Information management is a challenge. Failure patterns in information availability, may be directly related to the data modeling techniques that have been adopted by the organization for Cloud computing.  Data modeling can be defined as the process of defining and analyzing data requirements in support of business processes.  The implication is that stakeholder involvement in data modeling is an essential condition to data access and data availability to a specific user on the system.  Failure to involve one or more stakeholder in defining data access protocols can result in performance failures and user complaints.

A drill down from the symptoms of failure to the cause of failure may locate the point of failure at the database conceptualization level.  Database conceptualization is a set of technology independent specifications. These specifications are defined by the stakeholders or business users within an organization.  Points of failure may arise when stakeholders fail to identify a business need upfront. As a result, the business needs may not be serviced, and it may be perceived as a database failure.

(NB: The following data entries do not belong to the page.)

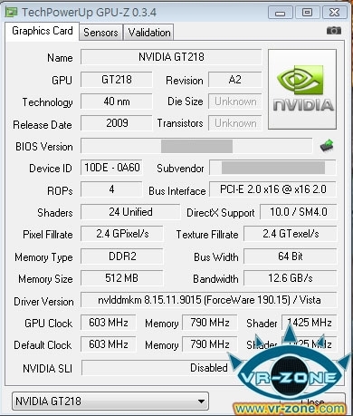 VR-Zone heeft een GPU-Z screenshot weten te bemachtigen van zowel de GT218 als de GT216 videokaart, die uiteindelijk als de GeForce G210 en GT220 op de markt zullen verschijnen. De G210 zal beschikken over 24 shaderunits, een 64-bits geheugenbus en 512MB aan DDR2 of GDDR3 geheugen. Deze lowbudget kaart zal voor ongeveer $30 tot $35 van eigenaar moeten wisselen en moet de GeForce 9400 gaan opvolgen.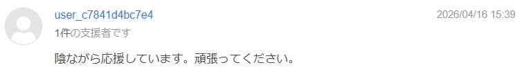 --- 温かいお言葉をいただき、本当にありがとうございます。「陰ながら」という一言に、そっとALL YOURSの再出発を見守ってくださっている優しさを感じ、身が引き締まる思いです。 その応援が、今のALL YOURSにとってどれほど大きな力になっているか計り知れません。いただいたエールを胸に、最後の一秒まで、そしてお届けまで誠実に走り抜けます。 これからもALL YOURSをどうぞよろしくお願いいたします。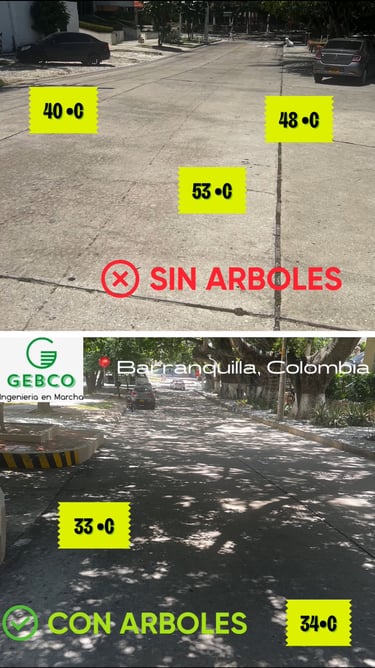 Recientemente, llevé a cabo un estudio utilizando una cámara termográfica para analizar las temperaturas en las calles de Barranquilla. Los resultados fueron sorprendentes : una diferencia de hasta 20 grados Celsius entre una calle con árboles y otra sin árboles. Esto muestra el poder transformador de la vegetación en nuestra ciudad.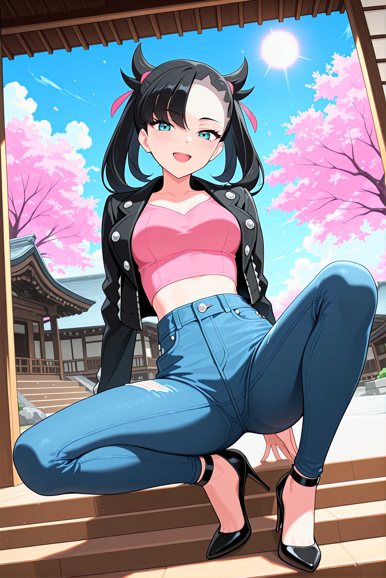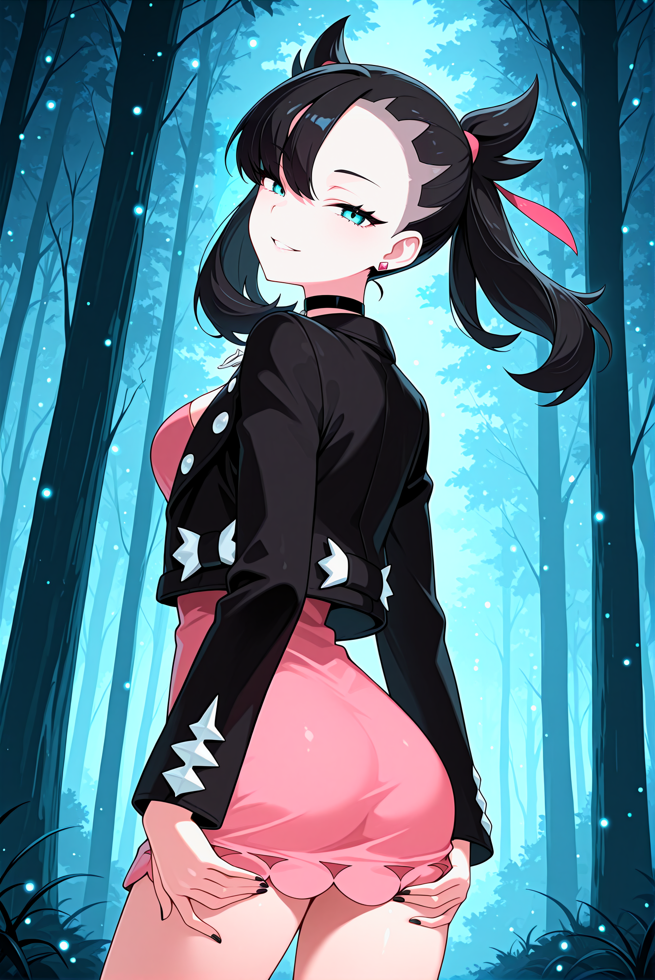 ベースプロンプト:m4rn13、黒髪、前髪、ツインテール、非対称前髪、髪リボン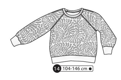 Sweat avec bande sur le dessus des manches allant jusqu’à l’encolure. Bord côte à l’encolure et aux poignets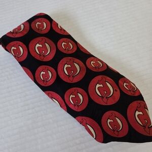 The product is a men's neck tie from the brand RM Sport, featuring a multicolor design with a sport theme. Made of silk fabric in a jersey style, this official NHL Hockey fan accessory is proudly manufactured in the United States. Perfect for supporters of the New Jersey Devils, this tie is a stylish and unique addition to any hockey fan's wardrobe.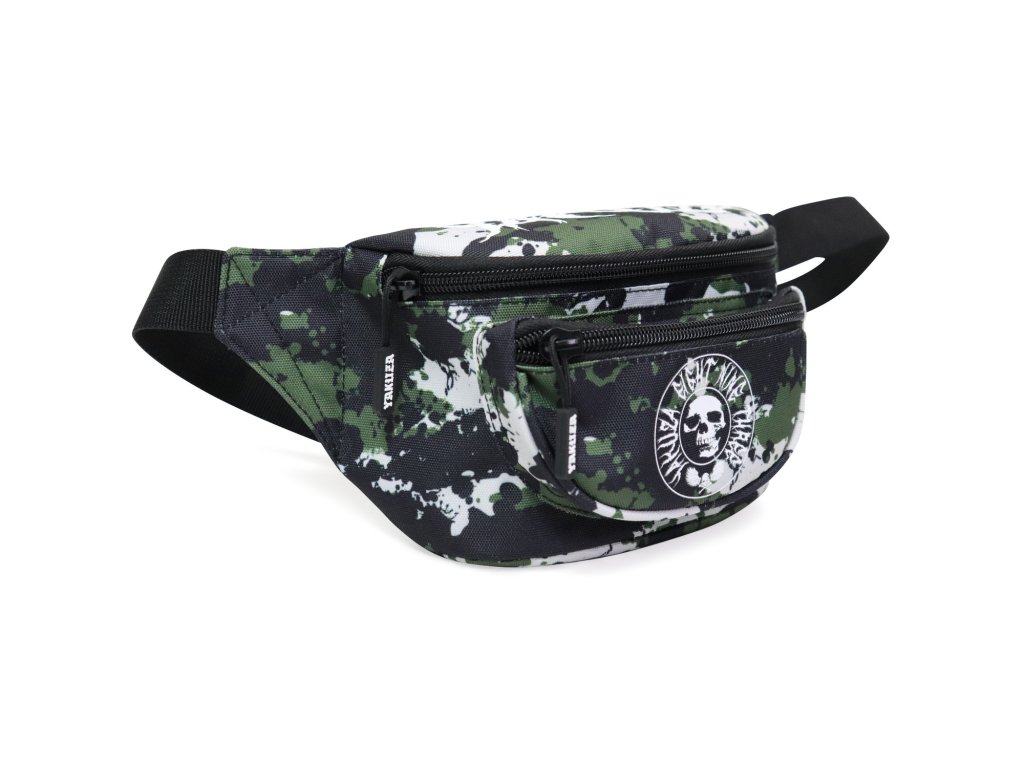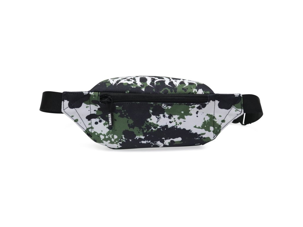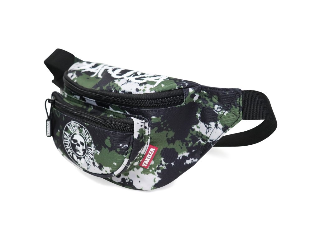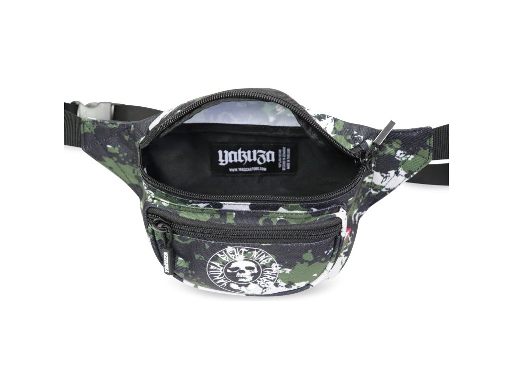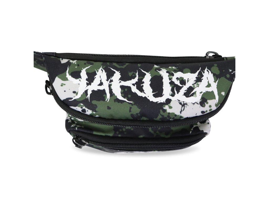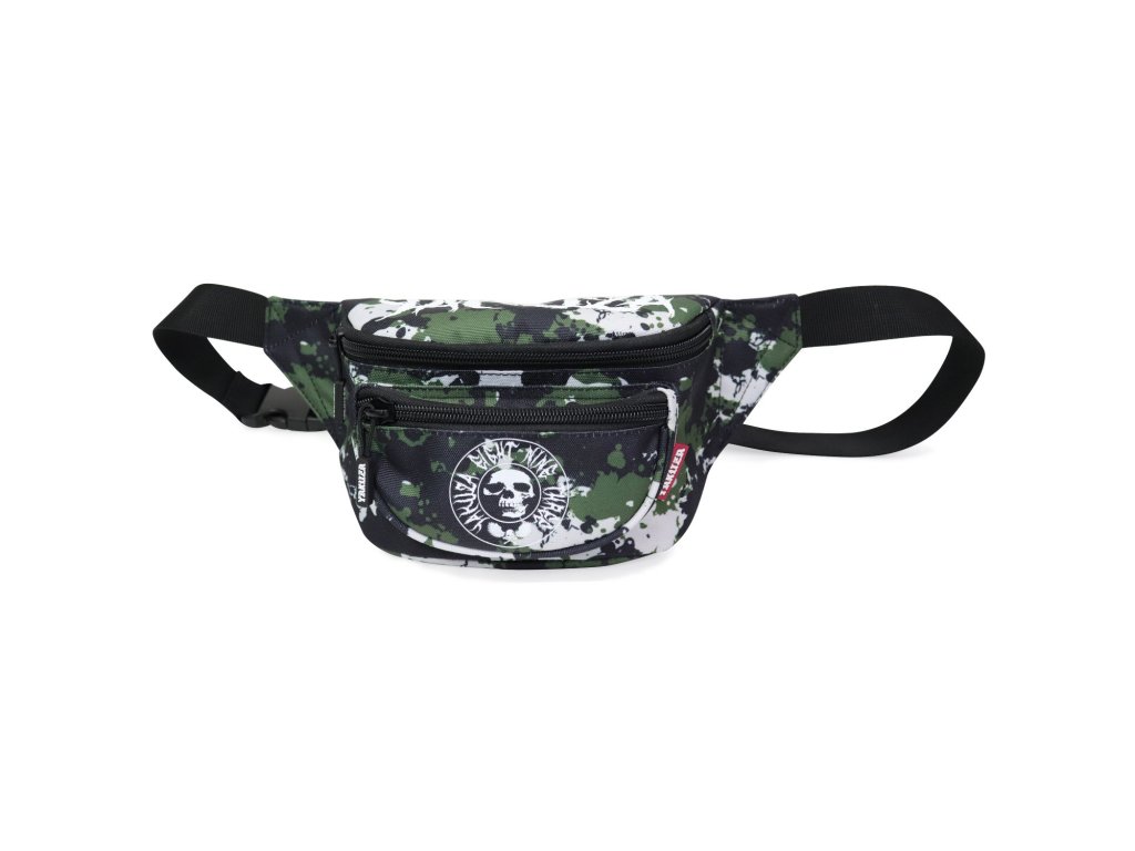 Ledvinka Yakuza Metal Skull 22103 v klasickém kamufláž vzoru. Bílý potisk YAKUZA a kulaté logo, nastavitelný bederní/břišní popruh, tři uzavíratelné přihrádky na zip.

Even where the business specifications are correct and all business requirements have been correctly identified, there may be failures of logical translation. The logical data model may be defective at a structural level for any or all of the following reasons:

  1. Failure to use appropriate software modeling tools
  2. Failure to consider use cases of different users
  3. Failure to map out dependencies
  4. Failure to completely and accurately define relationships between entities
  5. Failure to group attributes correctly
  6. Failure to define keys or set constraints properly
  7. Failure to orchestrate cascade updates or cascade deletes correctly

Consequently, the physical data model (organization of data elements and their relationships into tables and accounts) may perform sub-optimally.

In summary, effective database management requires the use of skilled personnel and state of the art software design tools. The database itself must be intelligently structured with components and objects clearly defined.  Input/output problems must be handled, segmentations, and partitions of tables must be well thought through; the level of normalization or indexing must be appropriate.  Redesign of the physical structure of the database at a later date is a nightmare in the making.  Quick fix approaches will bring in short term benefits and long term headaches.  Corporations, who are not willing to spend hours at the drawing board, end up compromising on long term database performance needs. Compounding the problem is the fact that application life cycles are getting shorter and Cloud-ability of data gets defocused when the application remains in focus.